Supplied information:

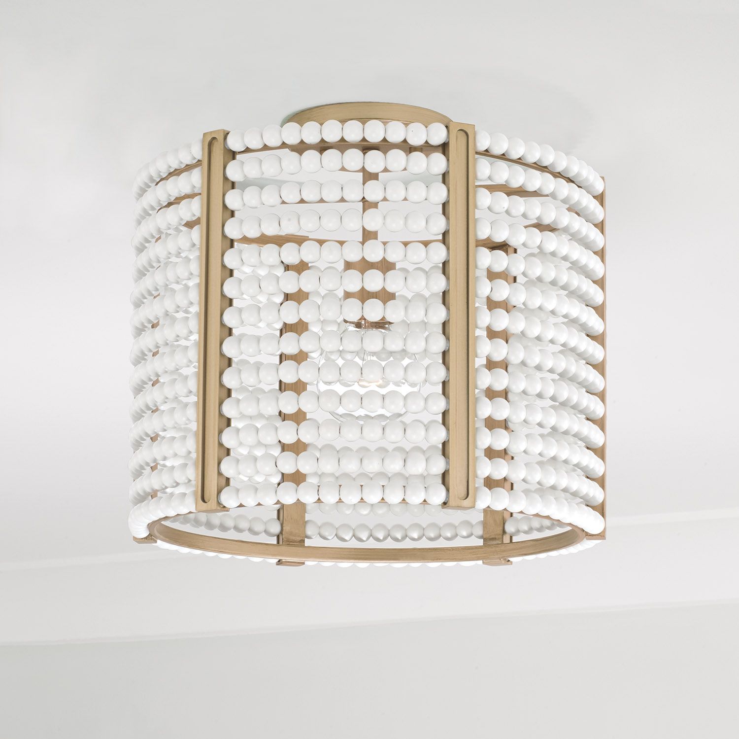 Glitz and glamour meet bohemian chic with the Brynn Dual Mount. Whether hung as a pendant or semi-flush, the classic drum silhouette and rings of matte white beads paired with the golden tones of the Painted Aged Brass finish bring laid back luxury to life.
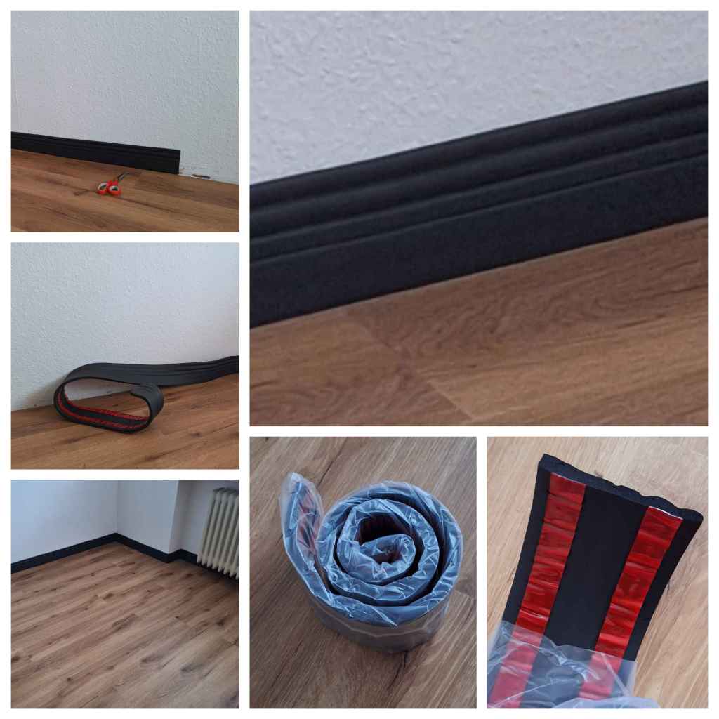 Ich fand ein tolles Modell. Schlicht und doch nicht glatt. Es kam aufgerollt an. Die roten Bänder mussten, nach und nach abgezogen werden und die Leisten an die Wand gedrückt werden. Bei Überlappungen konnte ich es mit einer normalen Schere durchschneiden.
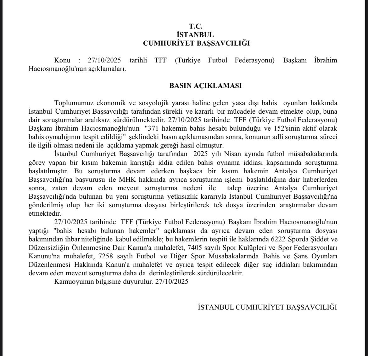 İstanbul Cumhuriyet Başsavcılığı'ndan hakemlerin bahis skandalına ilişkin açıklama geldi. Dosyanın, hakemlerin MHK için yaptığı soruşturma ile birleştirileceği aktarılan açıklamada şu ifadelere yer verildi:
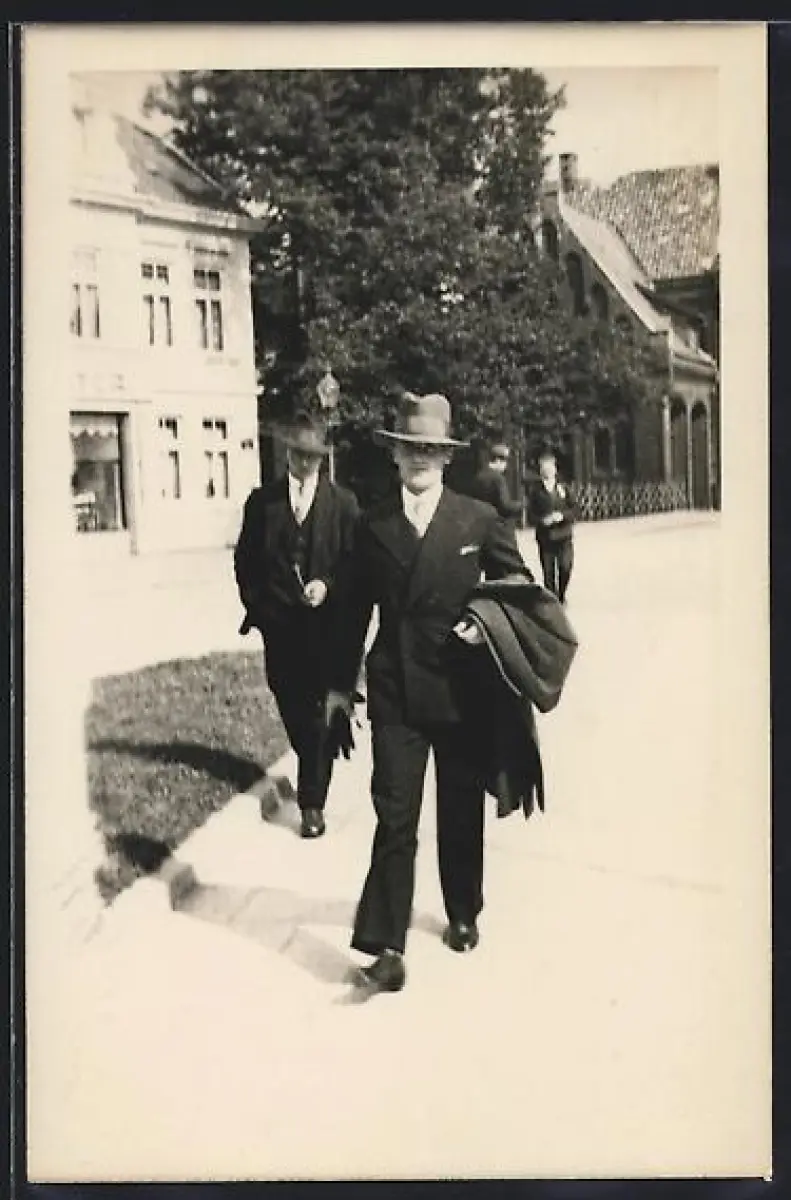 Foto-AK Oldenburg / Gr., Spaziergänger in der Ortsmitte

Task goal:
Only the lines from the one with "İstanbul Cumhuriyet Başsavcılığı'ndan" to the last line of the listing, inclusive, are to be set down, exactly as they stand and without pictures.

Exercise output:
 İstanbul Cumhuriyet Başsavcılığı'ndan hakemlerin bahis skandalına ilişkin açıklama geldi. Dosyanın, hakemlerin MHK için yaptığı soruşturma ile birleştirileceği aktarılan açıklamada şu ifadelere yer verildi:
 Foto-AK Oldenburg / Gr., Spaziergänger in der Ortsmitte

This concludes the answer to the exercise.